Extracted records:
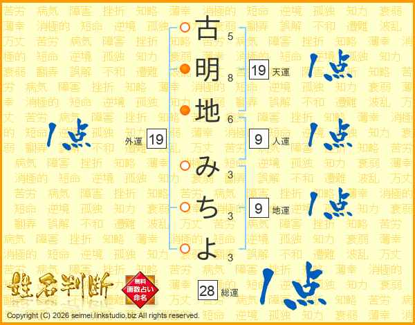 古明地みちよさんの天運は19画の1点!
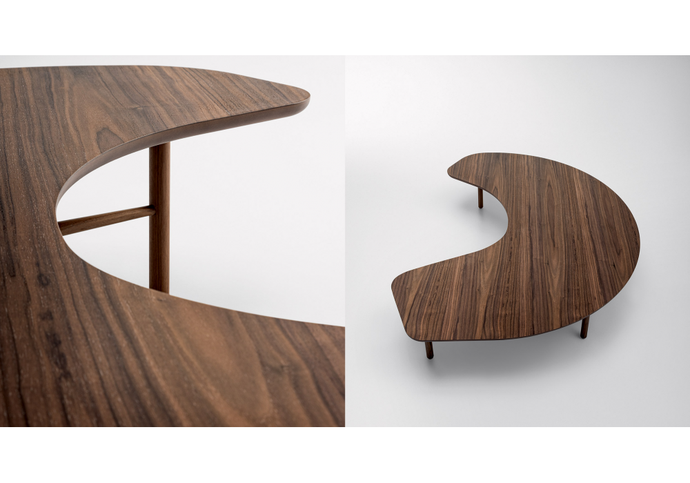 Half Moon Design von Greta Magnusson Grossman für Paola Lent ist ein Couchtisch mit einem Untergestell aus massivem, naturbelassenem Nussbaumholz mit Kunststoffspitzen. Die Tischplatte besteht aus Holzfaser mit einer geformten Kante aus Massivholz in der Farbe des Untergestells.
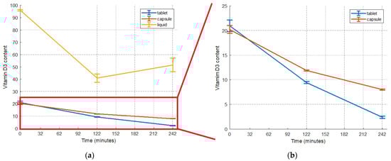 Detected vitamin D3 content during in vitro digestion of (a) commercial supplements: tablet; capsule; liquid. (b) Close view of tablet and capsule (tablet in μg/tablet, capsule in μg/capsule, and liquid in μg/mL). On x-axis, 0, 122, and 242 minutes refer respectively to the initial content, content after gastric stage, and content after intestinal stage.
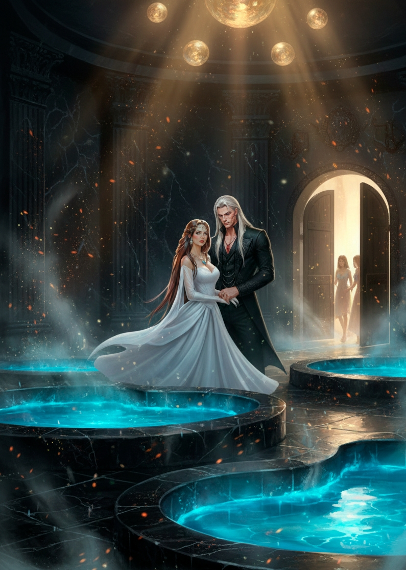 Внутри царил мягкий полумрак. Магические огни плавали под потолком, и их свет рассеивался по купальне, рождая в глубине минерала множество искр, и на фоне мерцающего камня вода в бассейне казалась сияющей.
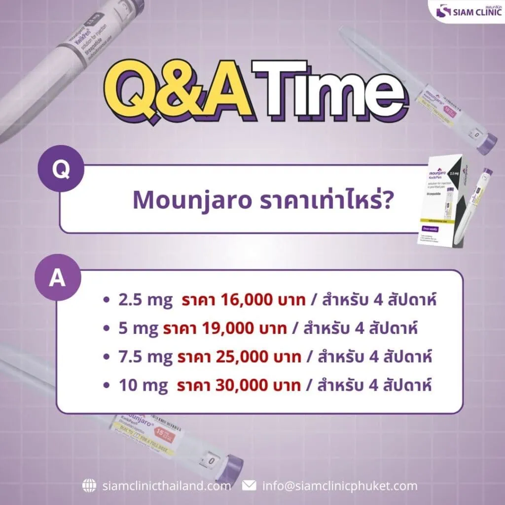 ราคาของ Mounjaro (Tirzepatide) ในประเทศไทยยังแตกต่างกันไปตามคลินิกและขนาดของยาที่ใช้ โดยทั่วไปจะอยู่ในช่วง หลักหมื่นบาทต่อเข็ม ขึ้นกับปริมาณโดสและการดูแลโดยแพทย์ผู้เชี่ยวชาญ ทั้งนี้ควรปรึกษาคลินิกโดยตรงเพื่อทราบราคาและแผนการรักษาที่เหมาะสมกับร่างกายของแต่ละคน
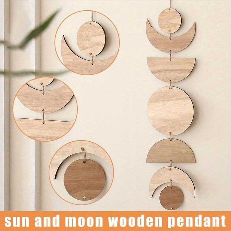 1PC Vintage Sun and Moon Wooden Pendants for Home Decoration Raw Wood Chips Handicrafts
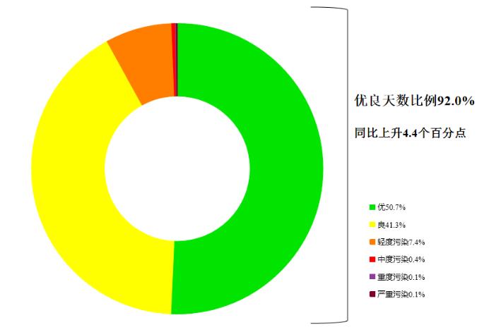 7月,全国339个地级及以上城市平均空气质量优良天数比例为92.0%,同比上升4.4个百分点;平均重度及以上污染天数比例为0.3%,同比上升0.1个百分点;由沙尘天气导致的平均超标天数比例为0.9%,其中重度及以上污染天数比例为0.3%。

§ YOUR ASSIGNMENT: From the line containing "1PC Vintage Sun" to the final line of the entries, both included, transcribe every line exactly, omit the pictures, and add nothing more.

§ TASK OUTPUT:
 1PC Vintage Sun and Moon Wooden Pendants for Home Decoration Raw Wood Chips Handicrafts
 7月,全国339个地级及以上城市平均空气质量优良天数比例为92.0%,同比上升4.4个百分点;平均重度及以上污染天数比例为0.3%,同比上升0.1个百分点;由沙尘天气导致的平均超标天数比例为0.9%,其中重度及以上污染天数比例为0.3%。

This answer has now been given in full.